German Economy Stays Stable Despite Shaky Environment
The world economy has turned to the worse during winter 2015/2016. Production expanded at a slower rate at the end of last year, and in January and up to mid-February, worldwide oil and stock prices fell markedly. Since then, prices have recovered, but not completely. At present, markets apparently see sliding oil prices less as good news for firms and households consuming oil; instead, for financial markets, low oil prices signal weakening production activity and a higher risk that many firms or even some economies dependent on income from oil sales will go bankrupt. The size of such insolvencies, according to this forecast, will, however, be rather limited, and as most advanced economies benefit from low commodity prices, the world economy will, in spite of the ongoing slow down in emerging markets, grow at about the same pace as last year.
However, as Oliver Holtemöller, Vice President of the IWH and head of its macroeconomic department puts it, “worldwide and political risks are substantial”. From his point of view, the combination of the economic slow down in China, the turmoil on financial markets, risks in the European banking sector, decreasing prices in the euro area, and of the European discord on handling the large flow of refugees, might entail a genuine crisis. In particular, shrinking demand of some important Chinese industries might affect the Chinese economy as a whole and the world economy in general. Long-run risks come from interest rates staying very low for a long time and from weak price dynamics in important advanced economies. Low interest rates jeopardize, for example, the viability of life insurance schemes that contain promises of a minimal pay-out. In addition, banks’ profit margins derived from term transformations might vanish if interest rates for all maturities tend to zero. Finally, the economies in the European Union bear the risk of rising political discord: For quite a few years, the case for political disintegration has gained support in many member countries. If this year in June, the British might vote for leaving the Union, the external value of the pound would go down significantly, as would investment in the United Kingdom and perhaps in other member states of the Union as well.
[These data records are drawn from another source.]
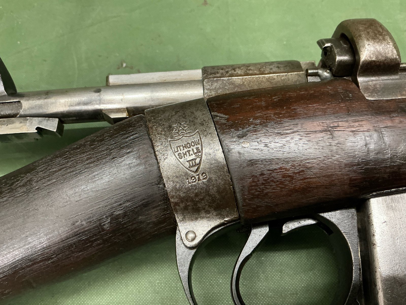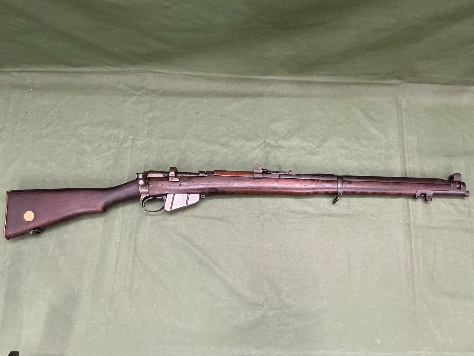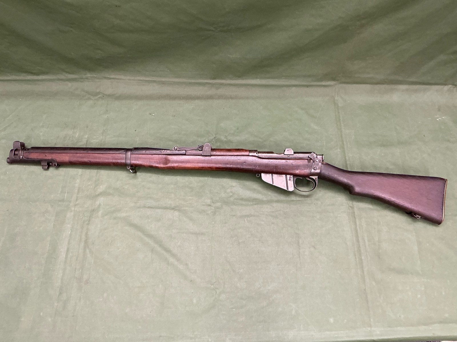 Deactivated Short Magazine Lee Enfield rifle dated 1919 and made by the Australian Lithgow factory ,still has early shaped forewood,although the woodwork is in used condition it is still retaining the ears to the top woods,has moving slide,moving trigger and detachable magazine,does not dry fire, comes complete with EU/GB deactivation certificate.
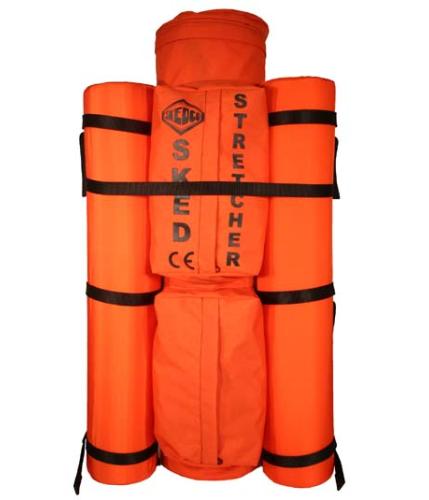 The Complete Rescue System combines the Sked® Basic Rescue System (SK-200), the Oregon Spine Splint II (SK-300) and the Sked® Foam Flotation System (SK-600) in a single money saving package. The entire system combines to make a single back-packable unit. With this system you'll be ready for any emergency rescue situation - on land, in the water, or in the air. Available in International Orange or Camouflage Green. Also available in a military option with the SK-600A Inflatable Flotation System. Everything you need is fitted in a 9" diameter by 36" long stretcher bag (the same bag for SK-200) with the Oregon Spine Splint II stored inside. All the accessories will fit into two outside pockets. The SK-800 is identical to SK-800-OR and SK-800-GR except the foam flotation and 15 lbs ballast bag are replaced with inflatable flotation and empty ballast bag. Excellent choice for Military to keep the system lightweight.
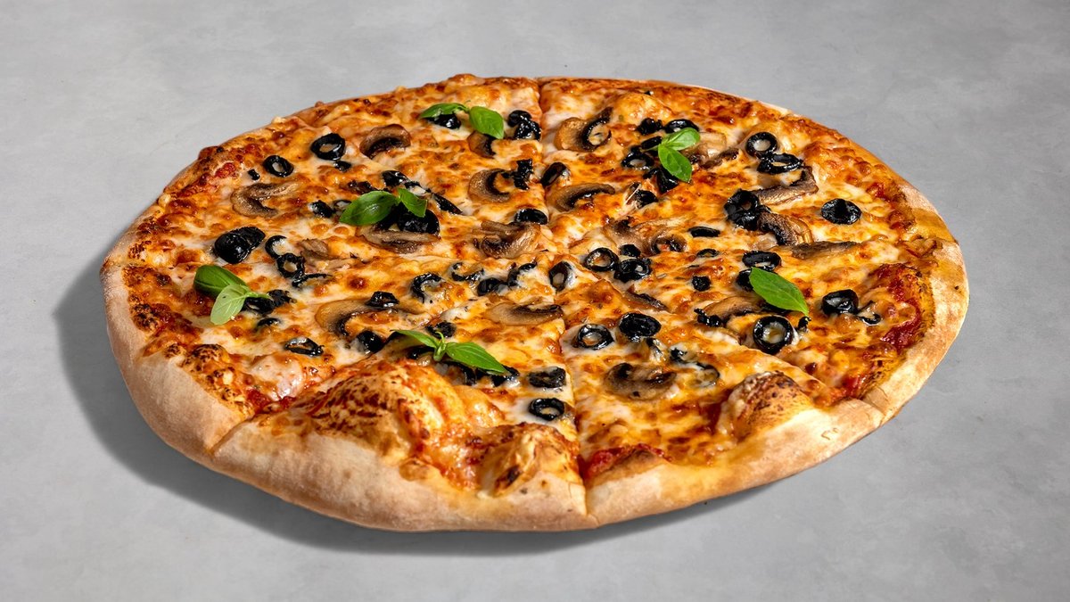 רוטב עגבניות, גבינה, פטריות, זיתים שחורים ואורגנו
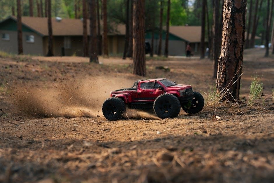 To conduct a range test, power on the transmitter and receiver. With the model on a stand, walk away approximately 30-50 feet. Continuously move controls (throttle, steering) and observe the transmitter’s signal strength indicators; If signal is lost, return closer. Repeat until reliable control is maintained at maximum desired range, ensuring safe operation.
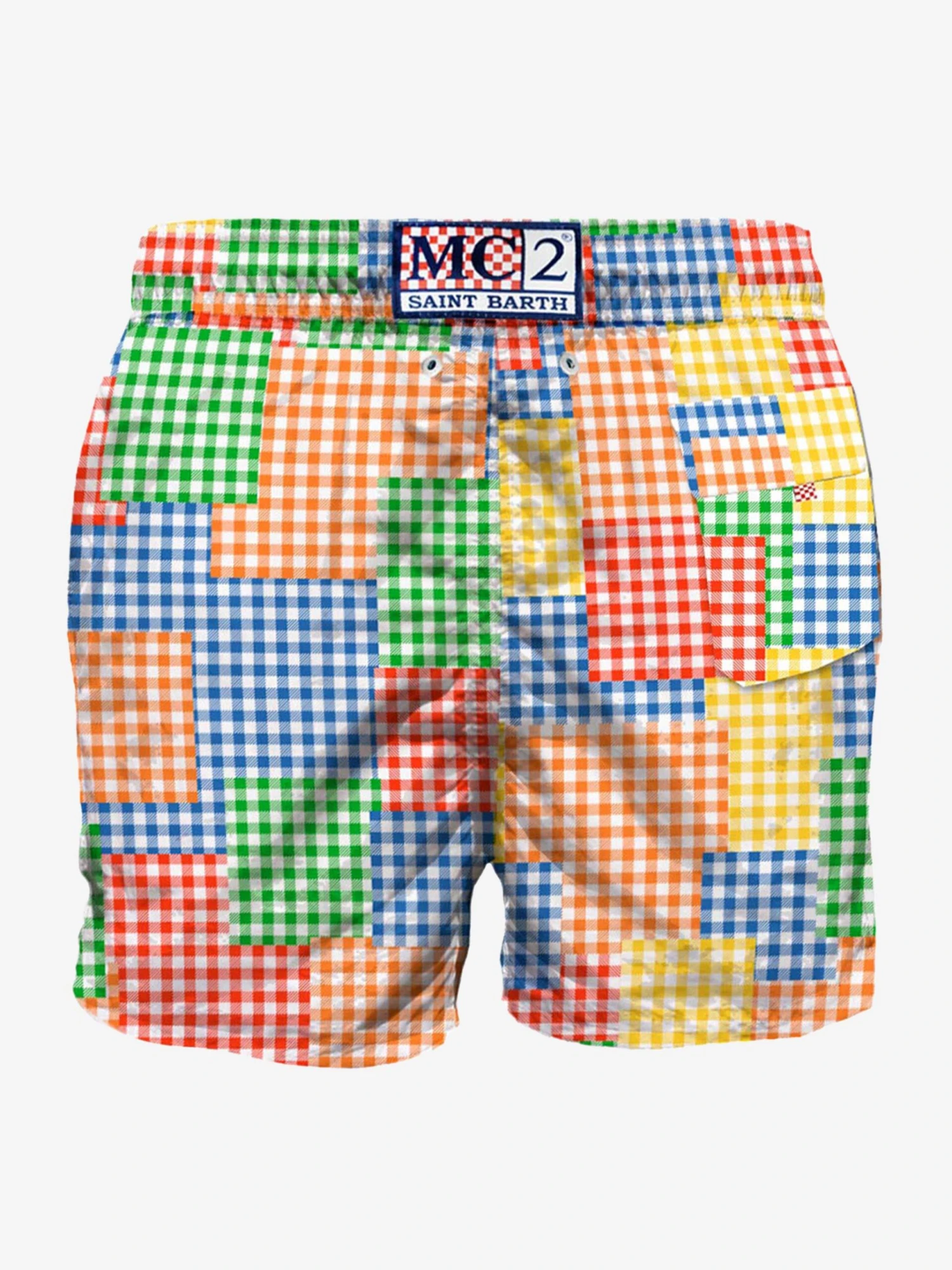 Mens Swim Shorts mid-lenght,vichy patches, regular fit, microfiber, inside ergonomic brief, pockets on both sides, drawcord closure, backside classic pocket with velcro closure.
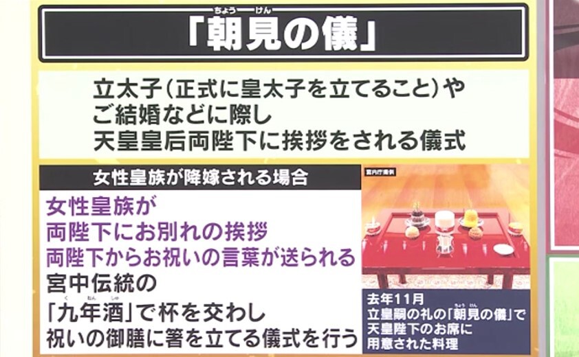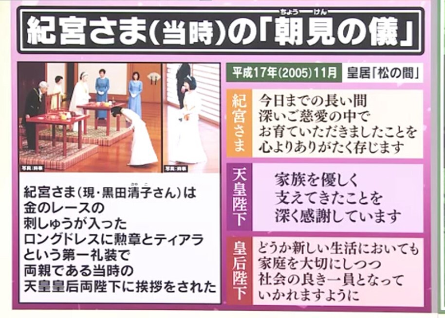 平成以降に結婚した3人の女性皇族について、2005年に結婚した上皇ご夫妻の長女・黒田清子(くろだ・さやこ)さんの場合は、「朝見の儀」は結婚式の3日前、皇居・宮殿の中で最も格式の高い「松の間」で行われました。
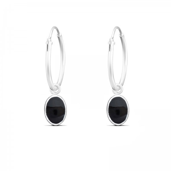 The beautiful 5mm x 7mm oval shaped black onyx gemstone charms sit on medium size 16mm x 1.2mm hoop earrings – all in solid 925 sterling silver.
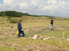 釣査終了の12時になりメインとなる豊津海岸の清掃。空き缶、空き瓶、ペットボトル、燃えるゴミを皆さん熱心に拾いました。これからもずっと綺麗な釣り場であり続けることを願い、清掃活動を終了しました。
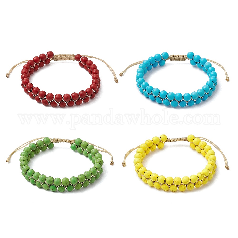 Круглые синтетические бирюзовые плетеные браслеты из бусин
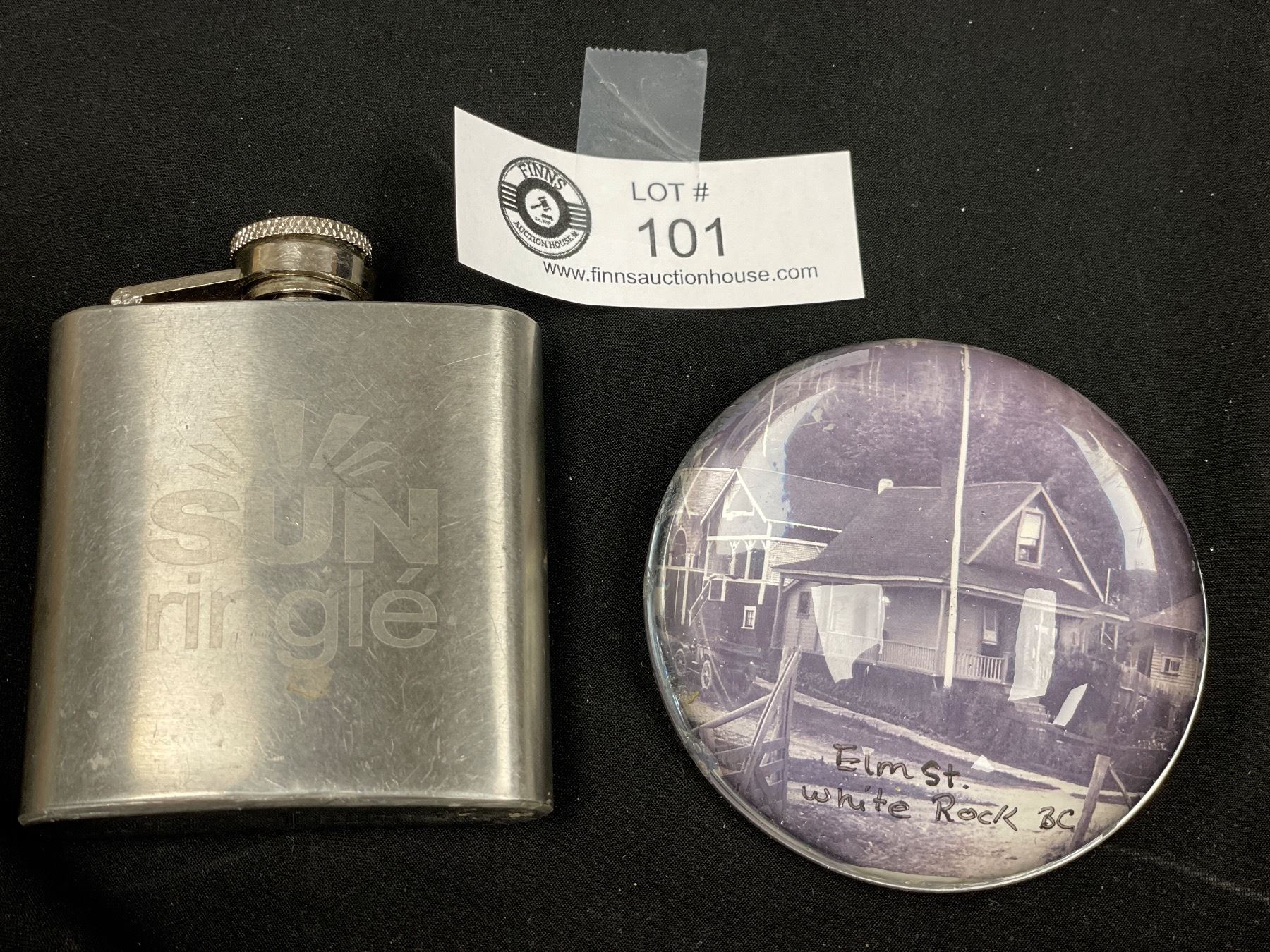 Stainless Steel 3oz Flask Plus Vintage Glass Paper Weight Elm Street White Rock BC

However worldwide and political risks are substantial.
Weak external demand slowed the German economy down in the second half of 2015. Exports to China, for example, contracted. Internal demand, however, kept on expanding healthily. Fixed capital formation was, after an anemic summer, particularly strong at the end of the year, with strong contributions from housing and public investment. Total demand appears to have increased a bit stronger at the beginning of 2016: Industrial production jumped upwards in January, and employment continued to expand strongly. Orders for manufacturing firms, however, have increased by little, and in January and February, firms were more skeptical concerning the future than they were in the final quarter of 2015. Thus, the economy is likely to have a soft patch in the second quarter. For the second half of 2016, we expect demand to regain momentum, because many conditions continue to be quite favorable: Interest rates are very low, the external value of the Euro is – in spite of its recent limited revaluation – quite low as well, supporting the competitiveness of German producers, and both employment and incomes are rising markedly. Additional demand is caused by the high number of refugees, because public transfers are paid, dwellings are built or renovated, and administrative staff is being expanded, while taxes covering these public expenditures will not be raised. This might increase real GDP by about a quarter of a percentage point. Overall, according to this forecast, GDP growth will be at 1.5% in 2016. The consumer price level will, due to the renewed oil price fall and in general very low import price inflation, again be almost constant. Unemployment increases a bit, since a rising number of refugees will get the right to look for work but their integration into the labour market will take considerable time.